# WORK TASK
There is one span to output from the data below: the lines starting at the line with "Платье оригинального кроя" and ending at the line with "Волшебная страна оживает". Output it exactly, ends included, nothing more.

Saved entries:
--------------------
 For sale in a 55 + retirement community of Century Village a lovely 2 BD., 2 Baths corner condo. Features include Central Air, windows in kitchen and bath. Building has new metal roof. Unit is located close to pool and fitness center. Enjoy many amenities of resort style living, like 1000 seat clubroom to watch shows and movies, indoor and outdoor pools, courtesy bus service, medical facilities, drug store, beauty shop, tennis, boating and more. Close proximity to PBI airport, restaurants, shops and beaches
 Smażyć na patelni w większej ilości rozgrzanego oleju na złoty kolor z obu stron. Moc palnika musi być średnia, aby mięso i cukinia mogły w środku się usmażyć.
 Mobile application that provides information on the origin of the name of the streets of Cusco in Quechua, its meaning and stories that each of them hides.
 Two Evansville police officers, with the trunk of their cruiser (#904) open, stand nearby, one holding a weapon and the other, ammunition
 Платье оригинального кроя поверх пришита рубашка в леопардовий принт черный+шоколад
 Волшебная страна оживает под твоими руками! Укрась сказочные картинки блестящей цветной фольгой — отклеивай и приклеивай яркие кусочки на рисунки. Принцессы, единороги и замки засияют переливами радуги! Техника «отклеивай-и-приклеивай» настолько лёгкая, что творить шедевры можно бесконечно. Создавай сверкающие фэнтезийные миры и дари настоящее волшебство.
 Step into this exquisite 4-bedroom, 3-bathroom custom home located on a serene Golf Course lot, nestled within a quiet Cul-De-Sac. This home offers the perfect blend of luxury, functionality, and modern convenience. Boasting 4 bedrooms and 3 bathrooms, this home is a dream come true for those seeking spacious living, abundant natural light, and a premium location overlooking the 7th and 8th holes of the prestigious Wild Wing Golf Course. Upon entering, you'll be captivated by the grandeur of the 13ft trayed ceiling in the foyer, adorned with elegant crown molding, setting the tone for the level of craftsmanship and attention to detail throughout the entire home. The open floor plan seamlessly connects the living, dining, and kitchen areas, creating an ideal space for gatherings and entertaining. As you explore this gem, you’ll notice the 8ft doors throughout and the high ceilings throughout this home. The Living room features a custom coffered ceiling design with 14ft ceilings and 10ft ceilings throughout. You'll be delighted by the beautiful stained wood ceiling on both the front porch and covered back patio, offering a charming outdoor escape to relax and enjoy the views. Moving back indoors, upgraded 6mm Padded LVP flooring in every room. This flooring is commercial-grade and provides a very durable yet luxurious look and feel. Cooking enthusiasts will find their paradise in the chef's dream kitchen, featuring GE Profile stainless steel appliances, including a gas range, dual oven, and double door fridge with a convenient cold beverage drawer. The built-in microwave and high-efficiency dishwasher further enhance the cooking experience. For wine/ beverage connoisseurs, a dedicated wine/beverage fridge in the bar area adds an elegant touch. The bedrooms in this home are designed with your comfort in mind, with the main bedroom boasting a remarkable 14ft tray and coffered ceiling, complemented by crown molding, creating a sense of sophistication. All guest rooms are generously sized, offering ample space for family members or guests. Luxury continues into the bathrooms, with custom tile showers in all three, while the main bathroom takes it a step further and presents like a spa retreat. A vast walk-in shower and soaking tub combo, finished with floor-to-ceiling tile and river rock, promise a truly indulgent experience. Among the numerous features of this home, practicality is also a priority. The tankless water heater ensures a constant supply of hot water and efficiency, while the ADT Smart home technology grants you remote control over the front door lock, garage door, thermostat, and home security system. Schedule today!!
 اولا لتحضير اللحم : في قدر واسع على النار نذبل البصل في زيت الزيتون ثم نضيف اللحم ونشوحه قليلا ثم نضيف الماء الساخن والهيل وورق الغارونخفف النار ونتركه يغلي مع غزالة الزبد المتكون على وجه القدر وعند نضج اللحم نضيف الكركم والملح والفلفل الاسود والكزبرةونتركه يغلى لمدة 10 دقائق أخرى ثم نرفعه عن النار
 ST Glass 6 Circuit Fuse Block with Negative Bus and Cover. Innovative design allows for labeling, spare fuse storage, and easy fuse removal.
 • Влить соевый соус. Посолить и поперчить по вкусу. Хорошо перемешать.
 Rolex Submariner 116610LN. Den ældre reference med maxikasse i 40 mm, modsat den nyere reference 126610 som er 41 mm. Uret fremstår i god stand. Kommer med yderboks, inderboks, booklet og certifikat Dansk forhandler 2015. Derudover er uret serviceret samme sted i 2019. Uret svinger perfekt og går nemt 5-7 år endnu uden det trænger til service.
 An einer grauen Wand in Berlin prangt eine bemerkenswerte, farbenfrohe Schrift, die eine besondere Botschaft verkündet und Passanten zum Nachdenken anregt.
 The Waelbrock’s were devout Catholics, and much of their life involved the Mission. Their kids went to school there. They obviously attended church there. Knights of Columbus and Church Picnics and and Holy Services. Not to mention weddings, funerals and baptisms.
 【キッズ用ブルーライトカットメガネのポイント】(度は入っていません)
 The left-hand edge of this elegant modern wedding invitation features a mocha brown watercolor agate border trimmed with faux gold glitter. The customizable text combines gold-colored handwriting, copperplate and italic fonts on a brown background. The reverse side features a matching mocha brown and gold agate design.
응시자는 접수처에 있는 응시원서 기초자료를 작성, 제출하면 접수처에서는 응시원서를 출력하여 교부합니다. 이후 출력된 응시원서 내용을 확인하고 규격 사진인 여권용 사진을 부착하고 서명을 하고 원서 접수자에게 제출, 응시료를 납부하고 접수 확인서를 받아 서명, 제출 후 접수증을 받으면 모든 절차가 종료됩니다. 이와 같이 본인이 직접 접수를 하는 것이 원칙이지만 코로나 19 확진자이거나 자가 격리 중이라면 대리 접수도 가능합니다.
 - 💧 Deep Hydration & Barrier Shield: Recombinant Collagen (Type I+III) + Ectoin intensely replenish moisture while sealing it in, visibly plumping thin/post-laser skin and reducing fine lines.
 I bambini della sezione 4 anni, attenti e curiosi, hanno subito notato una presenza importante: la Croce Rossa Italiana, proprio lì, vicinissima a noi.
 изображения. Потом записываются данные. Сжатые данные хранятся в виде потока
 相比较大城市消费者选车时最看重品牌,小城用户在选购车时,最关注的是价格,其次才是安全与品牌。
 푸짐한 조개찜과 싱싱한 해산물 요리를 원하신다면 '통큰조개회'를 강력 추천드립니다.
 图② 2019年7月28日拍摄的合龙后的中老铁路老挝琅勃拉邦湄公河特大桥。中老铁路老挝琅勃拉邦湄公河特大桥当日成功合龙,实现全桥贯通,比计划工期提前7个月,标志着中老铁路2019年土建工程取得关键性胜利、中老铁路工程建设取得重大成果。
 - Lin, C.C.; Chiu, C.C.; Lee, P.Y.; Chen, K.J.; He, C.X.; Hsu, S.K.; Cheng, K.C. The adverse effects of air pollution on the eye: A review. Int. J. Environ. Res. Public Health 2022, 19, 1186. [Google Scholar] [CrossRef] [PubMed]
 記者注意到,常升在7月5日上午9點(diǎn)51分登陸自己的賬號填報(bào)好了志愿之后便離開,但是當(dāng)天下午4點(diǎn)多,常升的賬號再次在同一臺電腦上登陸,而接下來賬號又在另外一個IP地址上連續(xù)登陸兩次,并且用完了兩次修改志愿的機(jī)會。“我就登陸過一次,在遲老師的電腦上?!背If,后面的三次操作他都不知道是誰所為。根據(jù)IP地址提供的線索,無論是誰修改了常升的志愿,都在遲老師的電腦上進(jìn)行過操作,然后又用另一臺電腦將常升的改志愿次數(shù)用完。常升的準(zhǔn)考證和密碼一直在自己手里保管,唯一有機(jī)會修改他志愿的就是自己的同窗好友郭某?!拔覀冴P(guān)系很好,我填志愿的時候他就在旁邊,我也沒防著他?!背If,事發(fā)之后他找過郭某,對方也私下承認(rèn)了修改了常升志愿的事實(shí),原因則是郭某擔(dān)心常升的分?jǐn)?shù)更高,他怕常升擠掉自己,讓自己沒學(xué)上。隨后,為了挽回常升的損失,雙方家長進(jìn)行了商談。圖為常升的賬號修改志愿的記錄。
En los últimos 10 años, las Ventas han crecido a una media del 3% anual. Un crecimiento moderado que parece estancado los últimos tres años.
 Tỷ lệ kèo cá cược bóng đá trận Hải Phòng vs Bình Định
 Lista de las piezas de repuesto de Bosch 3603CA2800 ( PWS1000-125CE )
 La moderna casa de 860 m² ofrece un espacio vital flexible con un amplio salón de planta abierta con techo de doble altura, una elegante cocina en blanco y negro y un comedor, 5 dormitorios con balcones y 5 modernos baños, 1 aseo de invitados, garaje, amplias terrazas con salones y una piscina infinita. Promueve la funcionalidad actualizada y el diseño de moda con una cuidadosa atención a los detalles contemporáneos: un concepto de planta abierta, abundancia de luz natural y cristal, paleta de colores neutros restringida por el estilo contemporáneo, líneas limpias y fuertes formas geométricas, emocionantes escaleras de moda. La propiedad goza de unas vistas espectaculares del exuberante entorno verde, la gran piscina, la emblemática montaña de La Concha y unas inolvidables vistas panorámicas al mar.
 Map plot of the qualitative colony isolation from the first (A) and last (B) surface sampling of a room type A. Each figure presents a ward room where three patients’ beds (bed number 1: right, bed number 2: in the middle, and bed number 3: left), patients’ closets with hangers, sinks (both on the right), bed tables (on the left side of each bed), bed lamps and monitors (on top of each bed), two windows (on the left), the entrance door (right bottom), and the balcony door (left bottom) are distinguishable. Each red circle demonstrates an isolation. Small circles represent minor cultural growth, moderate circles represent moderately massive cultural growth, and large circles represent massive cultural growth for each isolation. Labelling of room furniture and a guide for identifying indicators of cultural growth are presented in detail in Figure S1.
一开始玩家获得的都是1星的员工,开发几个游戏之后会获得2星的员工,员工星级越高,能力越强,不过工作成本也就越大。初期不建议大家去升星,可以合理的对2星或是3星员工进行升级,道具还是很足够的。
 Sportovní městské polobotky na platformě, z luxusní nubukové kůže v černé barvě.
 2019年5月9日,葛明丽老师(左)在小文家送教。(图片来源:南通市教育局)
--------------------
# RESPONSE AREA
 Платье оригинального кроя поверх пришита рубашка в леопардовий принт черный+шоколад
 Волшебная страна оживает под твоими руками! Укрась сказочные картинки блестящей цветной фольгой — отклеивай и приклеивай яркие кусочки на рисунки. Принцессы, единороги и замки засияют переливами радуги! Техника «отклеивай-и-приклеивай» настолько лёгкая, что творить шедевры можно бесконечно. Создавай сверкающие фэнтезийные миры и дари настоящее волшебство.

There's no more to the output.